US 5,025,865 relates to a subsea oil production system which has a three-dimensional framework.

Fig. 1 in the attached drawings schematically shows a typical arrangement for controlling the extraction of fluid from each of, in this example, four wells on a field where hydrocarbons are extracted. Such arrangements are typical for fields with subsea wells. The field is connected by an "umbilical" 1 terminated in a string termination unit (UTA - Umbilical Termination Assembly) 2 on the seabed, which typically supplies control signals to subsea control modules (SCM - Subsea Control Modules) 3 mounted on valve trees (XT - Christmas Trees ) fitted to the wellheads. Sometimes the UTA 2 feeds control signals directly to an SCM 5 mounted on a manifold 6 which controls the fluid recovery emitted from the field. Alternatively, the manifold 6 can be controlled by means of an SCM 3 mounted on one of the valve trees or its functions shared between various SCMs on more than one tree. The umbilical 1 also typically supplies hydraulic fluid under pressure to drive hydraulically driven equipment units, such as flow regulators and valves, as well as electrical power supplies to the SCMs, and sometimes electrical power to also drive electrically driven equipment units. The umbilical cord 1 also carries electrical signals from sensors associated with the system, such as pressure and temperature sensors, to produce monitoring data that helps the operator manage the field. The other end of the umbilical cord 1 terminates on a surface vessel or a platform, possibly sometimes ashore, which carries the regulation equipment with interface to the operator. The extracted fluid discharged from each well is fed to the manifold 6 and then to the field's discharge pipelines 7 to the surface vessel, the platform or a base on land.

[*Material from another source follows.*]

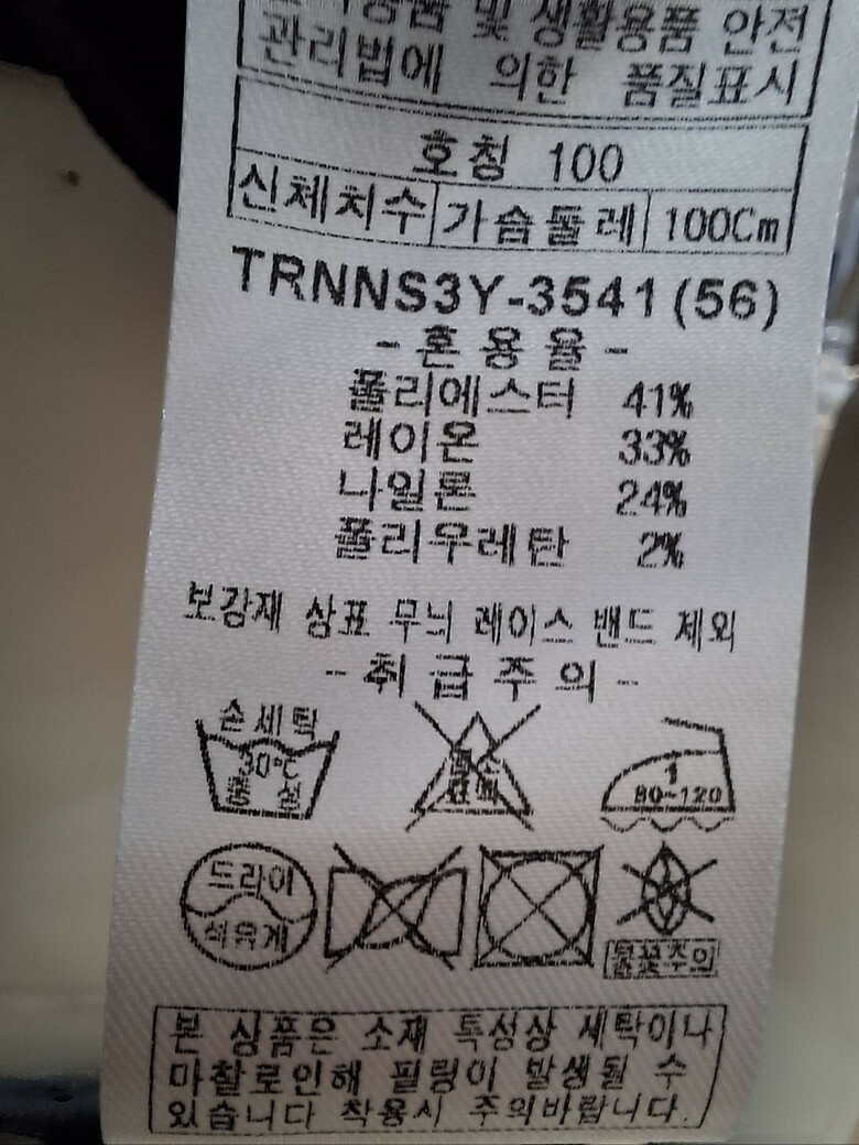 | 1. 제품 소재 (섬유의 조성 또는 혼용률을 백분율로 표시, 기능성인 경우 성적서 또는 허가서) | 폴리에스테르 41%, 레이온 33%, 나일론 24%, 폴리우레탄 2% |
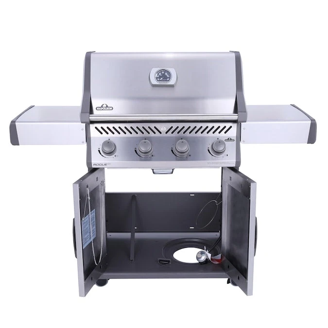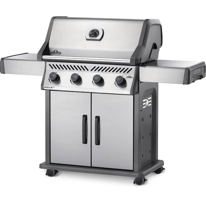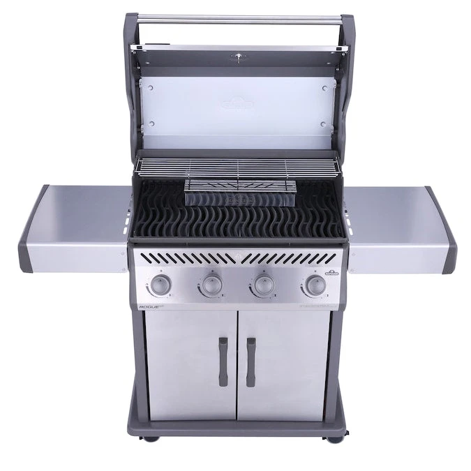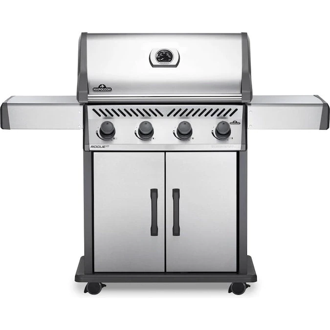 BBQ your way with high-quality grilling at an affordable price, the Rogue XT 525 propane grill with bonus smoker box by Napoleon is a versatile addition to any backyard. This grill is made from durable stainless steel and features folding side shelves for extra space. Easily move to where the action is with the locking casters. Inside, dual level sear plates vaporize drips and four tube burners light instantly with the jet fire⢠ignition system. Feed a crowd; with 525 square inches of total cooking area. You’ll know it’s a Napoleon with the iconic porcelain coated cast iron wave⢠cooking grids for those distinctive sear marks. BBQ your way and use this grill to sear, smoke, sizzle, bake, grill, roast and authentic charcoal grilling. With the bonus sear plate smoker box, you achieve true smoke flavor with an integrated smoking system. Grill different and go rogue® with the rogue® XT 525 gas grill.

A disadvantage of this system is that the valve trees 4 and the manifold 6 become heavy and complicated when an SCM is attached to each of them, which makes them expensive to manufacture and install. A further disadvantage is that the UTA 2 is also heavy and complicated.

The main features of the invention appear from the independent patent claim. Further features of the invention are indicated in the independent claims.

According to the present invention, a device has been provided for use in controlling and/or testing a subsea hydrocarbon production system, the device comprising: several valve trees, and several control modules to control the valve trees, the control modules not being arranged at the trees, but at a control center for placement under water, while the trees are in communication with associated modules among the control modules during use of the device.

The device may further include equipment for connecting the control center to a remote control location, such as termination equipment for placement under water and the supply of control signals from the remote control location to the control modules.

The device can have a manifold that is in communication with the trees during use of the device to control the hydrocarbon extraction, as there is a control module to control the manifold and this module is not arranged at the manifold, but at the control center.

The present invention also applies to a control center equipped with a number of control modules for use in the device according to the invention.

The present invention will now be described as an example with reference to the attached drawings, in which: Fig. 1 shows a sketch of a known arrangement for controlling the extraction of hydrocarbon fluid,

and

Fig. 2 shows a sketch of an example of the present invention.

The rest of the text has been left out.